### Available records
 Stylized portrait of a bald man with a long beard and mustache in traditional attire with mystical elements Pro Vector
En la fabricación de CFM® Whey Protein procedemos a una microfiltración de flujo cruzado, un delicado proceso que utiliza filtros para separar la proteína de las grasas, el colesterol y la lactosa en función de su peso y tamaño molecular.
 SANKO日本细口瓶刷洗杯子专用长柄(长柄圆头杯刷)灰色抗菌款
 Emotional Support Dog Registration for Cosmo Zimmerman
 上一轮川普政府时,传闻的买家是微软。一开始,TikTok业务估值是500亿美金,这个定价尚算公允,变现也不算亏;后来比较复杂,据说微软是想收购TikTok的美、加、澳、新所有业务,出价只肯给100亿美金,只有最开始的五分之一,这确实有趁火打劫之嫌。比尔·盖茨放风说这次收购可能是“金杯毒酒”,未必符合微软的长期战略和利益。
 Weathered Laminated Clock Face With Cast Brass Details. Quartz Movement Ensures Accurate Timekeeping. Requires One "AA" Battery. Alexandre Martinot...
==
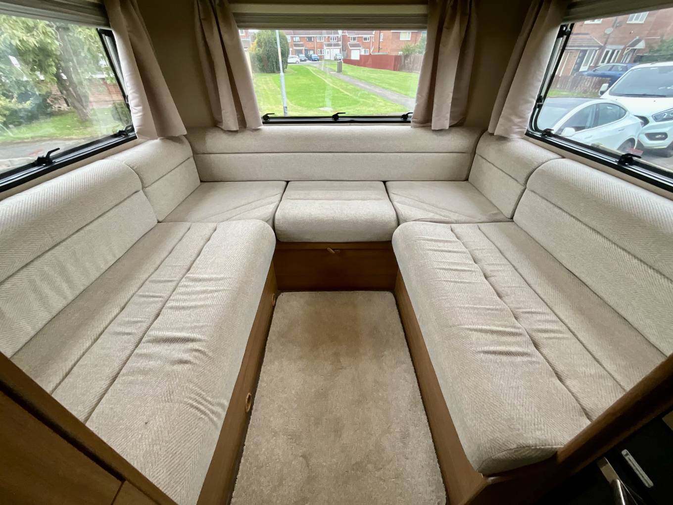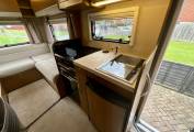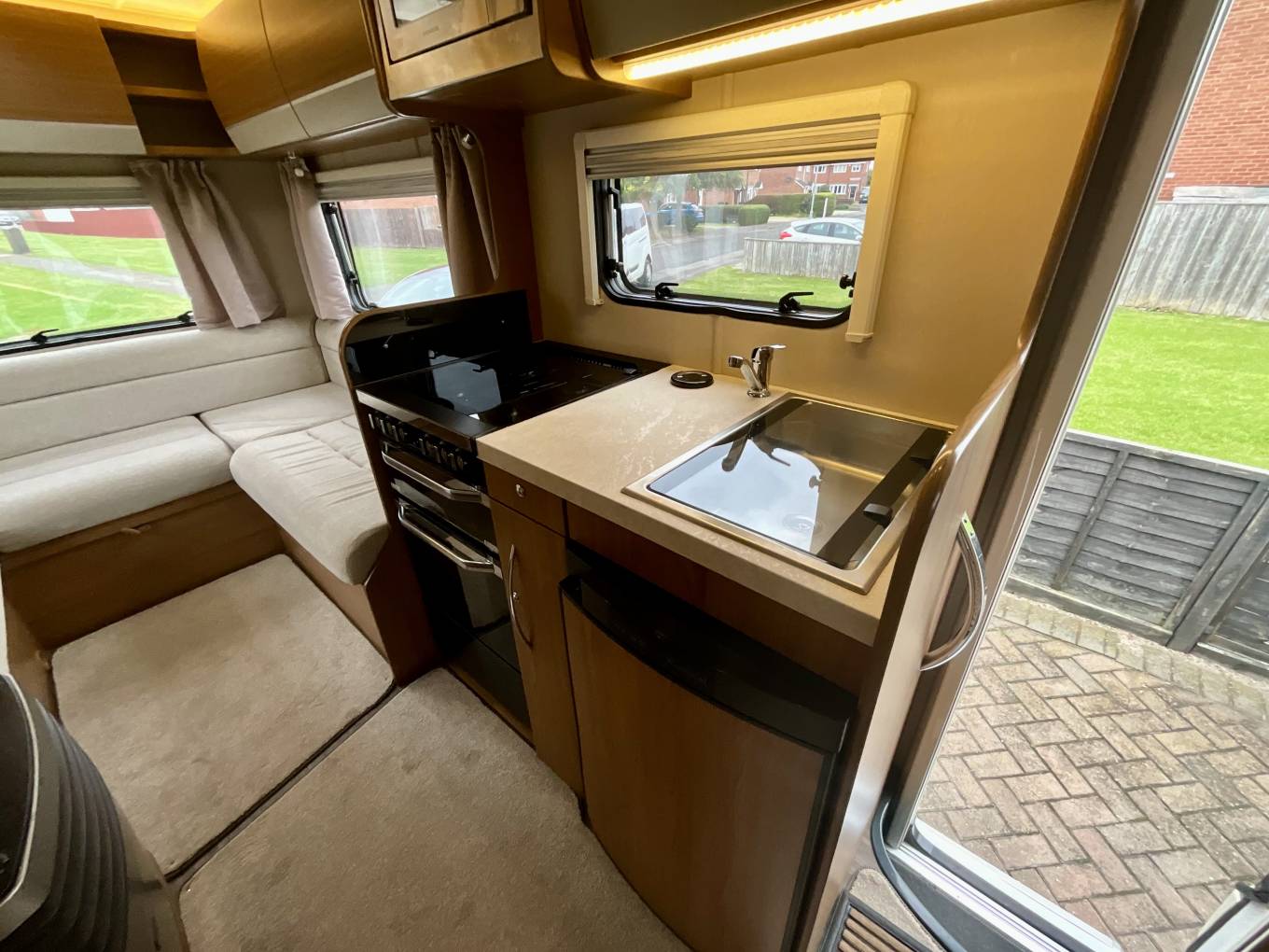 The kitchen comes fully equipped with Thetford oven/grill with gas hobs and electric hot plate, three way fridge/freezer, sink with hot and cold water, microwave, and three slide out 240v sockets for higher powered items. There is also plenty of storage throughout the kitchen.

### Work request
All lines in the listing above between the line with "En la fabricación" and the line with "Emotional Support Dog", inclusive, should be set down exactly, and no line outside that range.

### Response below
En la fabricación de CFM® Whey Protein procedemos a una microfiltración de flujo cruzado, un delicado proceso que utiliza filtros para separar la proteína de las grasas, el colesterol y la lactosa en función de su peso y tamaño molecular.
 SANKO日本细口瓶刷洗杯子专用长柄(长柄圆头杯刷)灰色抗菌款
 Emotional Support Dog Registration for Cosmo Zimmerman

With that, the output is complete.